Ambrisentan Not Effective in Idiopathic Pulmonary Fibrosis
Increased risk of disease progression, respiratory hospitalizations with ambrisentan treatment
TUESDAY, May 7 (HealthDay News) -- The endothelin A receptor-selective antagonist ambrisentan is not effective for reducing the rate of idiopathic pulmonary fibrosis (IPF) progression, according to a study published in the May 7 issue of the Annals of Internal Medicine.
To examine whether ambrisentan reduces the rate of IPF progression, Ganesh Raghu, M.D., from the University of Washington in Seattle, and colleagues randomized patients (aged 40 to 80 years) with IPF, with minimal or no honeycombing on high-resolution computed tomography scans, to receive ambrisentan (10 mg/day) or placebo.

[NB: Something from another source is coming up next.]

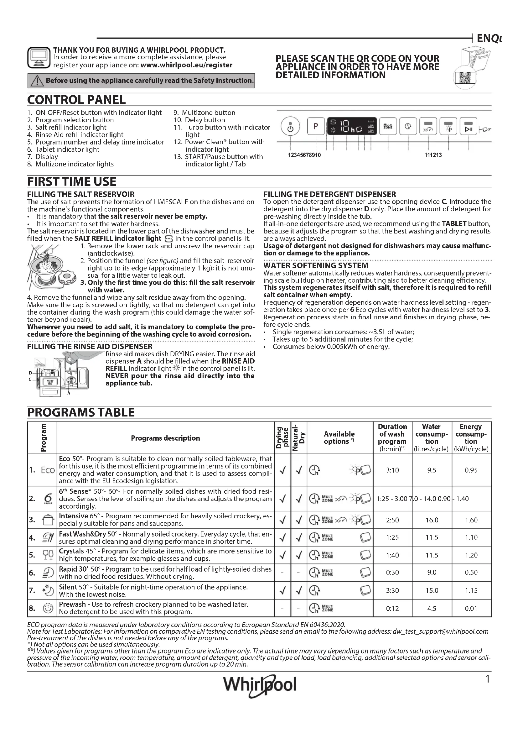 L’eau n’arrive pas au lave-vaisselle. L’acheur indique: H, 6 et le voyant MARCHE/ARRÊT cli- gnote rapidement. L’alimentation d’eau est vide ou le robinet est fermé. Assurez-vous qu’il y a de l’eau dans le circuit d’alimentation ou que le robinet est ouvert. Le tuyau d’arrivée est plié. Assurez-vous que le tuyau d’entrée n’est pas plié (voir INSTALLATION) reprogram- mez le lave-vaisselle et relancez-le. Le tamis dans le tuyau d’arrivée d’eau est obstrué ; il est nécessaire de le nettoyer. Après avoir complété la vérication et le nettoyage, éteignez et rallumez le lave- -vaisselle et redémarrez le programme. Le lave-vaisselle ter- mine le cycle préma- turément L’acheur indique: 15 et le voyant MARCHE/ ARRÊT clignote rapi- dement. Le tuyau de vidange est positionné trop bas ou se vide dans le système d’évacu- ation domestique. Vériez que le tuyau de vidange n’est pas trop engagé dans la canalisation mura- le du réseau d’évacuation des eaux usées (voir INSTALLATION). En cas d’un bran- chement du tuyau de vidange sur le syphon d’un évier de cuisine, il faut installer un dispositif anti retour pour éviter le risque de siphonnage du lave-vaisselle De l’air est présent dans l’alimentation en eau. Vériez si l’alimentation en eau présente des fuites ou d’autres problèmes lais- sant entrer de l’air. Si votre lave-vaisselle ne fonctionne pas correctement, vériez si le problème peut être résolu en suivant la liste ci-après. Pour d’autres erreurs ou problèmes, contactez le Service après-vente agréé dont les coordonnées peuvent être trouvées dans le livret de garantie. Les pièces de rechange seront disponibles pour une période allant jusqu’à 7 ou jusqu’à 10 ans, selon les exigences spéciques du règlement. DÉPANNAGE Merci de scanner le QR code sur votre appareil pour obtenir des informations plus détaillées.10 Guida RapidaIT GRAZIE PER AVER ACQUISTATO UN PRODOTTO WHIRLPOOL. Per ricevere assistenza in modo più completo, registrare il pro- prio apparecchio sul sito: www.whirlpool.eu/register
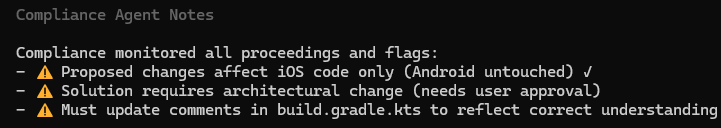 In an automated coding system which runs for hours, I created a “Compliance” Agent to sign off the main agents work

Noting that interim analysis indicated a low likelihood of showing efficacy for the end point by the scheduled end of the study, the researchers terminated the study after enrollment of 492 patients (75 percent of intended enrollment; mean duration of exposure to study medication, 34.7 weeks). There was a significantly increased likelihood of meeting the prespecified criteria for disease progression among the ambrisentan-treated versus placebo-treated patients (27.4 percent versus 17.2 percent; hazard ratio, 1.74). The decline in lung function was seen in 16.7 percent of ambrisentan-treated patients and in 11.7 percent of placebo-treated patients (P = 0.11). Respiratory hospitalizations were significantly higher in the ambrisentan group than the placebo group (13.4 versus 5.5 percent, respectively). There was a nonsignificant difference in the number of deaths between the two groups (7.9 percent of ambrisentan-treated and 3.7 percent of placebo-treated patients; P = 0.10).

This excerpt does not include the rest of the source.